These three limitations are mutually interrelated, so when all known occurrences are compiled exhaustively it is possible to estimate survey effort with some reliability. Therefore, a biodiversity database that compiles exhaustively all available information on the identity and distribution of a group of species would enable both identifying well-surveyed areas (e.g. Hortal and Lobo 2005) and obtaining estimates of the repeated occurrence and/or the probability of absence of particular species (e.g. Guillera-Arroita et al. 2010).

Employing statistical shortcuts on data with unknown levels of error and bias can generate unreliable results. Consequently, good practice in biodiversity informatics requires knowledge about the number, location and degree of completeness of surveys for those territorial units that have been, at least relatively, well inventoried. Such knowledge would facilitate identifying localities where the lack of records for a target species can be reliably assumed to correspond to its actual absence. Nonetheless, it can be used to guide the location of future surveys and/or determine uncertain or ignorance areas in which biodiversity data are insufficiently consistent (Hortal and Lobo 2005, Ladle and Hortal 2013, Hortal et al. 2015, Ruete 2015, Meyer et al. 2015, 2016).

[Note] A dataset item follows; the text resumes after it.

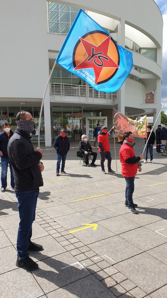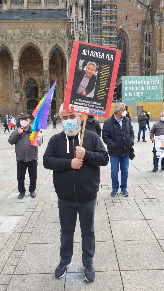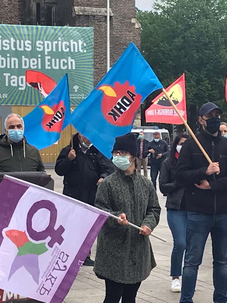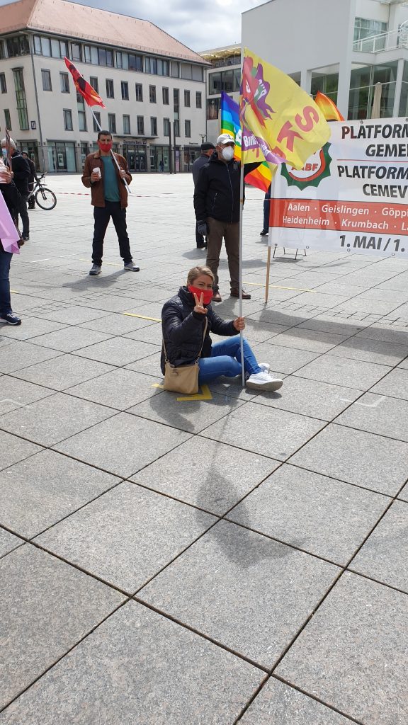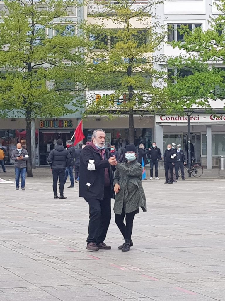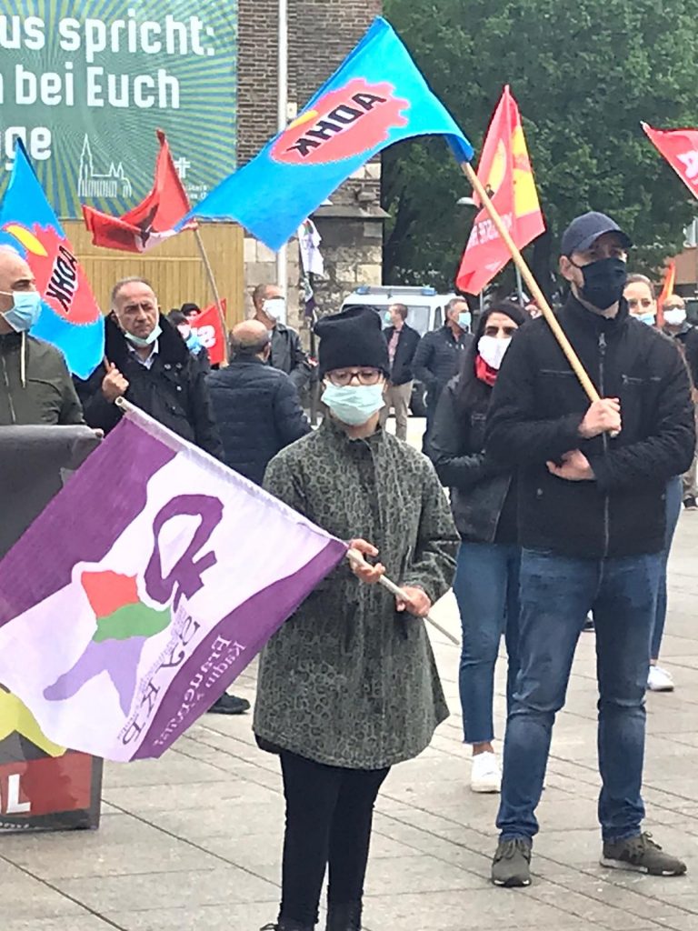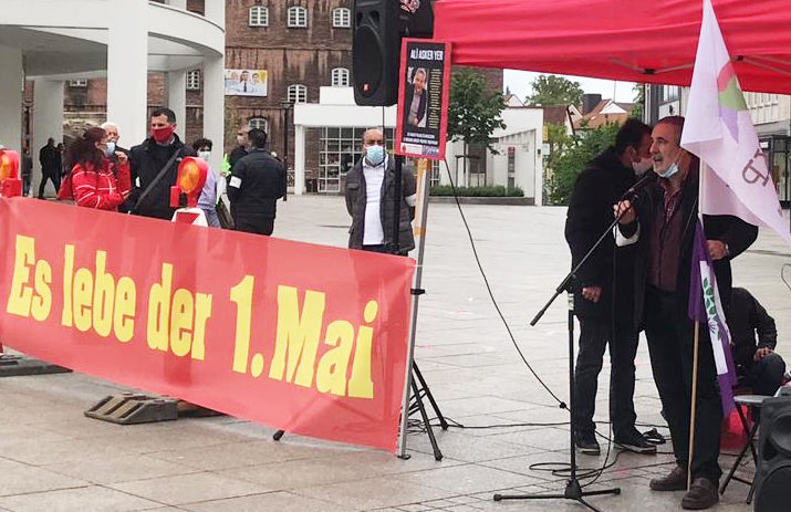 1 Mayıs’ta katledilenler ve tüm devrimciler için saygı duruşu Tüm dünyada 1 Mayıs’ta etkinliklerinde katledilenler, Grup Yorum’dan Helin Bölek, Mustafa Koçak ile yine geçtiğimiz günlerde hayatını kaybeden bölgenin devrimcilerinden Ali Asker Yer ve mücadele kaybedilen tüm devrimci, demokrat, yurtseverler için bir dakikalık saygı duruşu yapıldı. Ağırlıklı Almanca yapılan konuşmalarda, korona salgını, ekonomik kriz, mülteciler gibi konular ağırlıkla işlenirken, ekoloji, erkek şiddeti, çalışanların zor koşulları, patronların kar hırsı da işlenen bazı konu başlıklarıydı. 2-4 dakika olarak belirlenen konuşma hakkını hemen hemen tüm kurum temsilcileri kullandı.

Despite the widely recognized importance of evaluating data quality as a preliminary step in any biodiversity study, this process is often neglected. Arguably, this is in part because such evaluation process is highly time-consuming, for it requires using analyses spread over several software applications and/or R packages, and repeating the same process for each one of the territorial units or sites considered (or, in general, for any type of spatial unit). Here we present KnowBR, a freely available R package to estimate the survey coverage of species inventories across an unlimited number of territorial units or sites simultaneously. Starting with any biodiversity database, KnowBR calculates the survey coverage per spatial unit as the final slope of the relationship between the number of collected species and the number of database records, which is used as a surrogate of the survey effort. To do this, KnowBR estimates the accumulation curve (the accumulated increase in the number of species with the addition of database records) for each one of the spatial units according to the exact estimator of Ugland et al. (2003), as well as performing 200 permutations of the observed data (random estimator) to obtain a smoothed accumulation curve. This curve is subsequently adjusted to four different functions with three or less parameters, and the obtained extrapolated asymptotic value used to obtain a completeness percentage (the percentage representing the observed number of species against the predicted one) that also may be used to estimate the territorial units with probable reliable inventories.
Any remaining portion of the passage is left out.